Reason: O(N) time, this is because we have to iterate from start to end. The program deletes N nodes after skipping M nodes in the linked list. Begin with the next node on the list and work your way down, eliminating N nodes at a time.
Auxiliary Space Complexity:
O(1)
Reason: Here we have used a pre-defined data structure from the collection. As a function of input attributes, the amount of memory space required to solve an instance of the computational problem is set to one.
Because they are more precisely balanced, AVL trees give faster lookups than Red Black Trees. 2. In this case, the node's colour is either Red or Black. The node has no colour in this case.
Why is it that in a doubly-linked list, deletion is faster?
In other words, if you know which cell you want to remove ahead of time, a doubly-linked list allows you to do so in time O(1), but a singly-linked list would take time O(2) (n). In both cases, it's O(n) if you don't know the cell ahead of time. I hope this information was useful.
In a binary search tree, what is the difficulty of deletion?
Time complexity is O in general (h). The deletion of element 1 necessitates a traversal of all elements to locate it (in orders 3, 2, 1). As a result, deletion in a binary tree has an O worst-case complexity (n). Time complexity is O in general (h).
Is the AVL tree or the B-tree better?
AVL trees are designed for usage in memory, where random access is inexpensive. Because they aggregate a higher number of keys into each node, B-trees are better suitable for disk-backed storage because they reduce the number of seeks required by a read or write operation.

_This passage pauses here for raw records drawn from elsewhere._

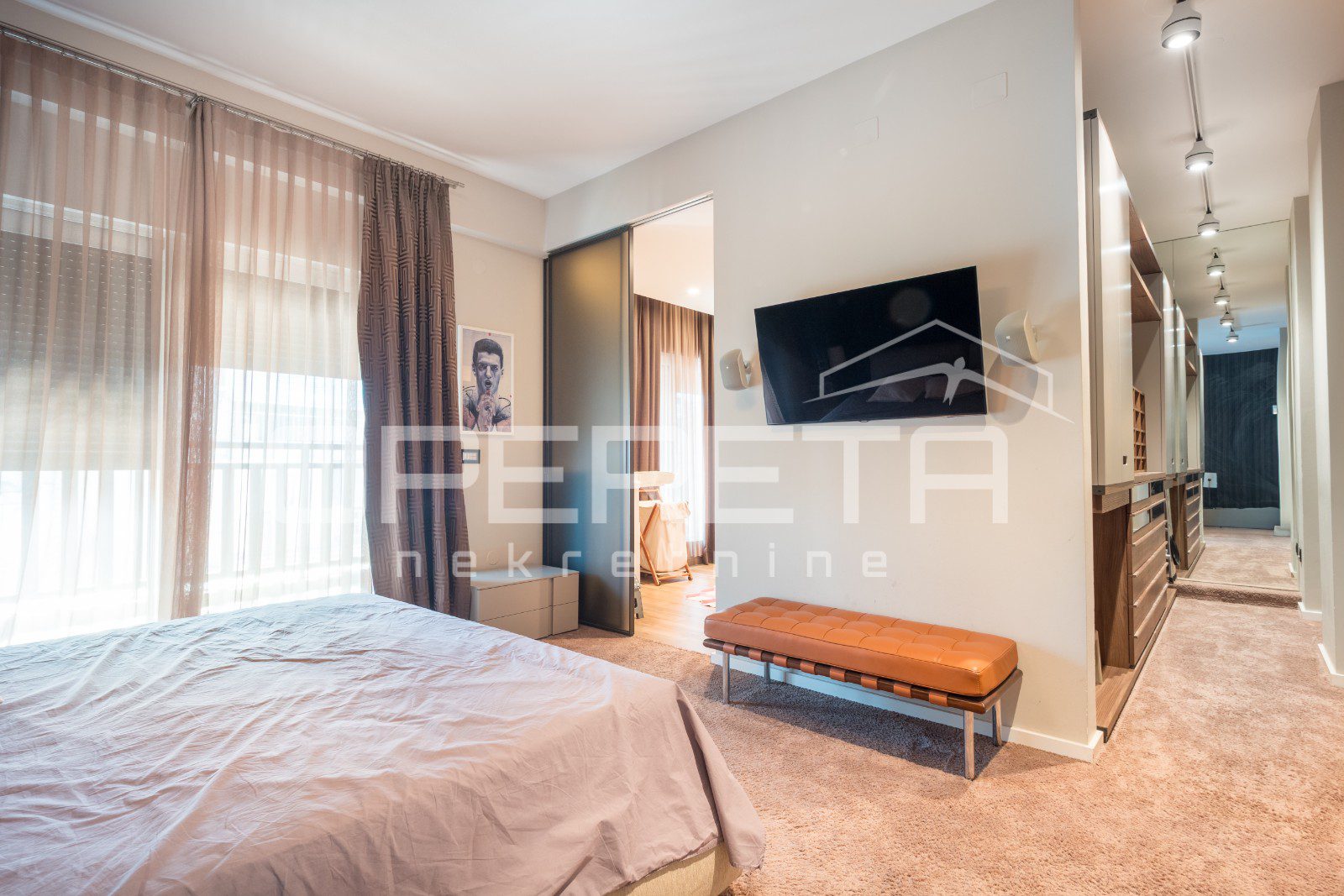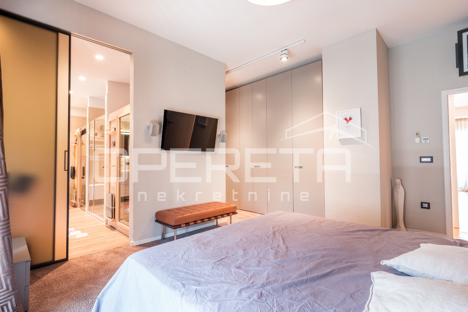 Master spavaća soba od 26m2 ima prostranu kupaonicu sa saunom, te izlazom na dvorišnu terasu.
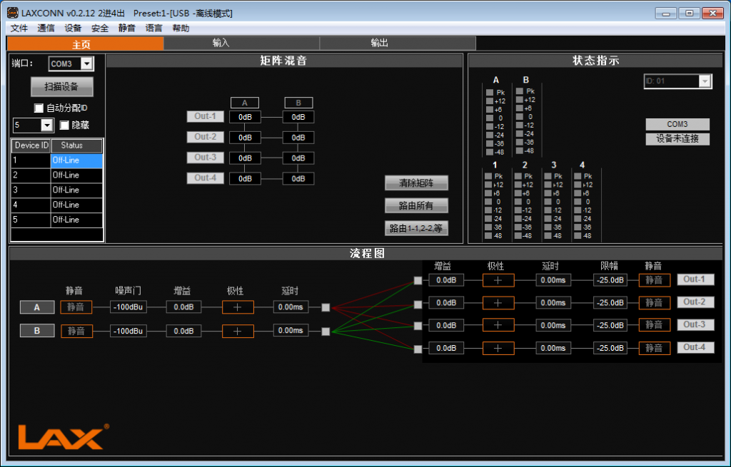 搭配該模塊的PC端控制軟件-LAX CON,遠(yuǎn)程調(diào)控音箱系統(tǒng)參數(shù),使用時更加靈活方便。LAX CON支持靜音、增益、EQ/高低通、限幅、延遲、溫度設(shè)定、橋接、補(bǔ)償?shù)葏?shù)處理。
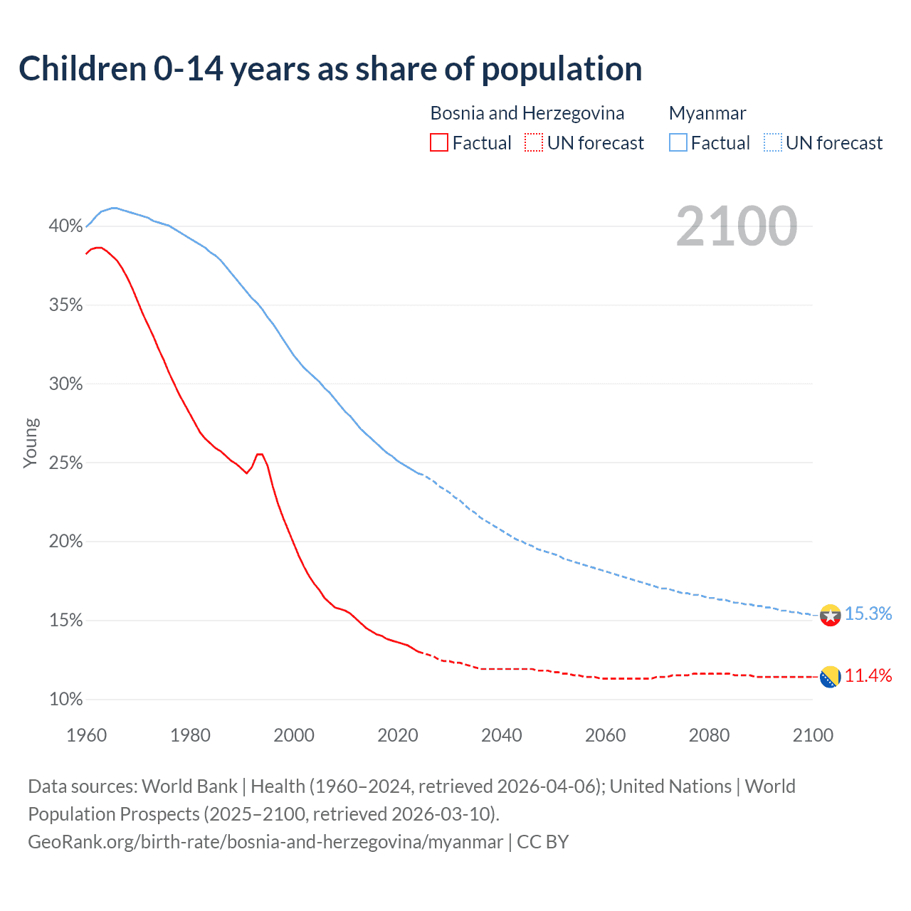 According to the latest available data on birth rates, the fertility rate in Bosnia and Herzegovina was 1.49 children per woman in 2023, compared to 2.12 in Myanmar in 2023. The replacement level is considered to be 2.1 children per woman.
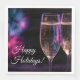 Beautiful glasses of champagne for New Year's and Christmas toasts against the backdrop of fireworks at midnight
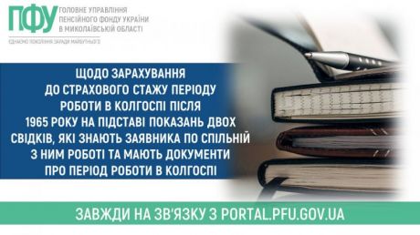 Щодо зарахування до страхового стажу періоду роботи в колгоспі після 1965 року на підставі показань двох свідків, які знають заявника по спільній з ним роботі та мають документи про період роботи в колгоспі
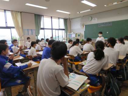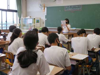 2年3組、読解の授業の様子です。「自分の想いを伝えるためには、どう発表すればよいだろうか?」というテーマで、五中を紹介するポスターを発表し合っていました。
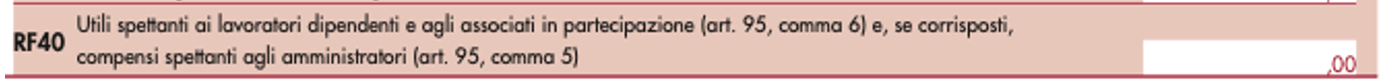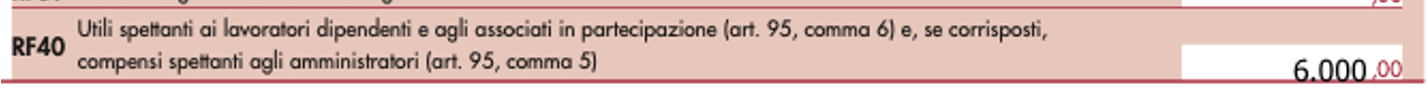 A tal fine, all’interno del rigo RF40, denominato “Utili spettanti ai lavoratori dipendenti e agli associati in partecipazione (art. 95, comma 6) e, se corrisposti, compensi spettanti agli amministratori (art. 95, comma 5)”, devono essere indicati i compensi corrisposti agli amministratori nel corso del periodo di imposta oggetto di dichiarazione e imputati al conto economico in un esercizio precedente.
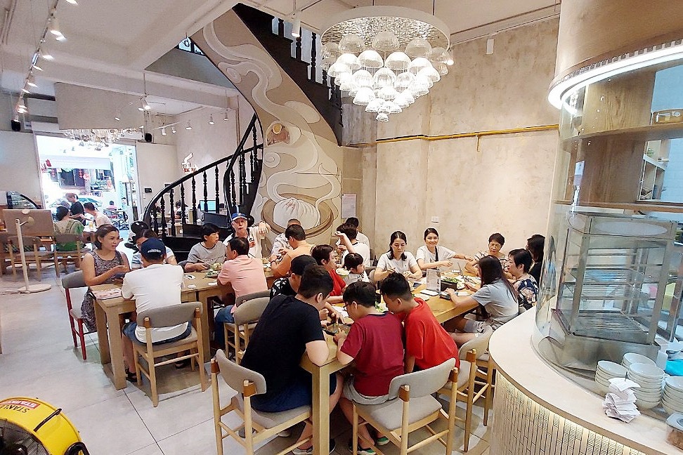 “Chỉ trong sáng nay đã có hơn 20 người book bàn. Khách vãng lai ngồi kín 3 không gian từ ngoài trời đến tầng trệt. Đa số khách đến đây thích gọi hủ tiếu, sủi cảo, hoành thánh và một số món Á - Âu khác”, anh Trung chia sẻ.
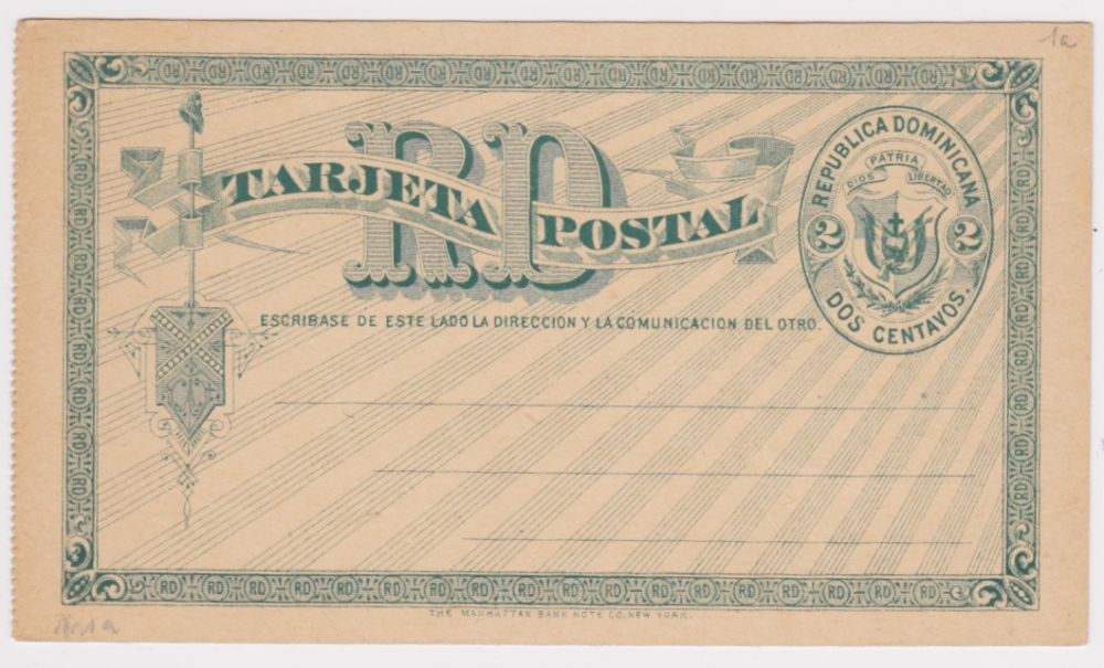 Dominicana Brevkort 2 centavos,grön |
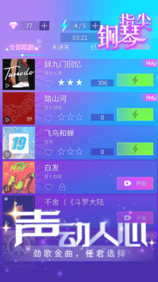 3.选择你想在游戏中体验的歌曲,按节奏击中钢琴块,分数越完美,分数就越高。
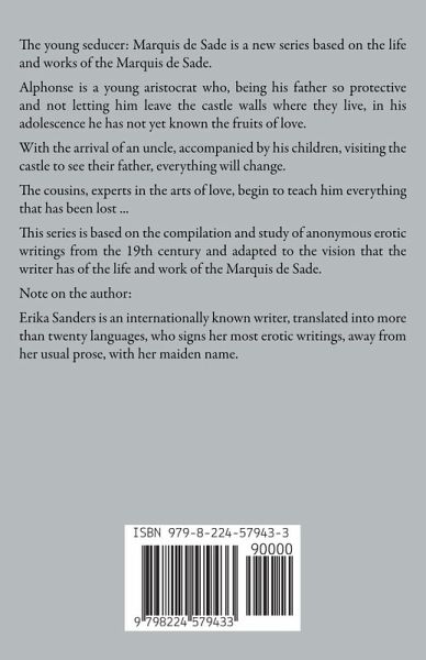 The young seducer: Marquis de Sade is a new series based on the life and works of the Marquis de Sade. Alphonse is a young aristocrat who, being his father so protective and not letting him leave the castle walls where they live, in his adolescence he has not yet known the fruits of love. With the arrival of an uncle, accompanied by his children, visiting the castle to see their father, everything will change. The cousins, experts in the arts of love, begin to teach him everything that has been lost ... This series is based on the compilation and study of anonymous erotic writings from the 19th century and adapted to the vision that the writer has of the life and work of the Marquis de Sade. Note on the author: Erika Sanders is an internationally known writer, translated into more than twenty languages, who signs her most erotic writings, away from her usual prose, with her maiden name.
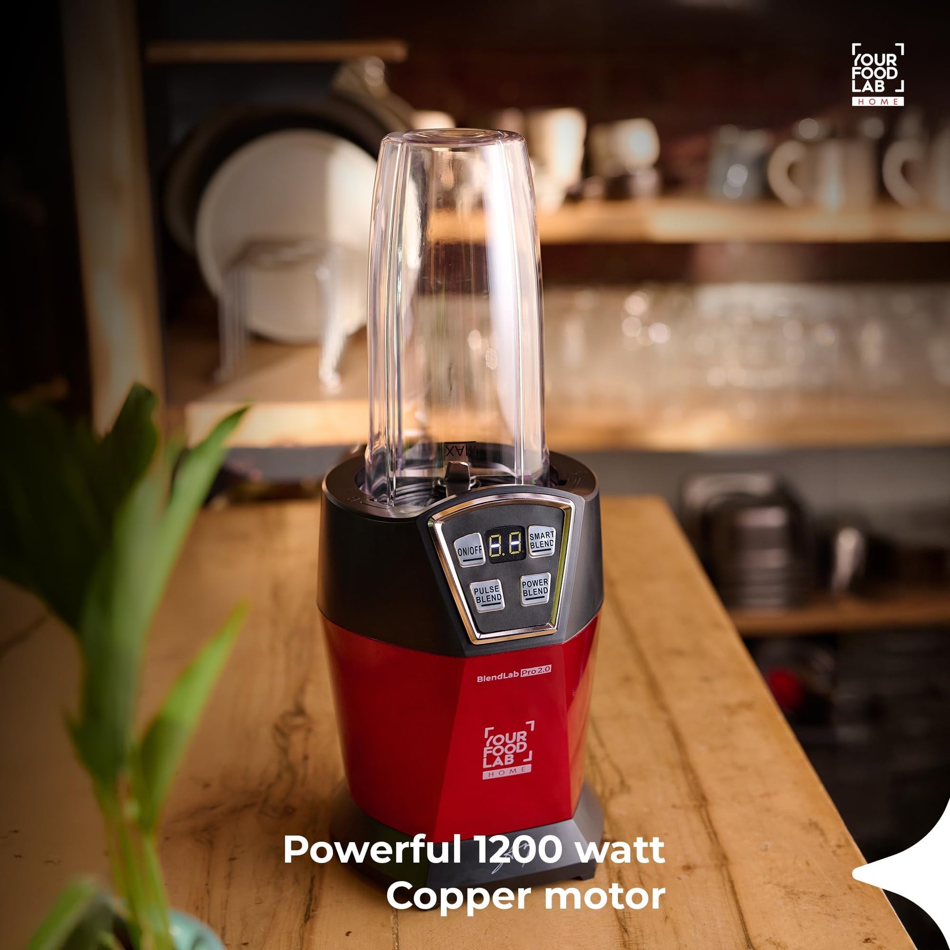 YFL HOME BlendLab Pro 2.0 Mixer Grinder for Kitchen, 1200W Blender with 2 Unbreakable Jars, 100% Copper Motor, Smoothie Maker with Preset Blend Modes, Laser Cut SS Blades | Blender for Smoothies (Red)

Is the linked list ordered?
Linked Lists, like stacks and queues, are a type of sequential collection. It doesn't have to be in any particular order. A linked list is a collection of independent nodes that can hold any type of data. Each node in the link has a reference to the next node.
Conclusion
This article has gone through duplicating keys in AVL, and we have solved the following problem. Linked lists are one of the most basic and widely used Data Structure. Check out our articles in Library. You may also CheckOut our course on the tree.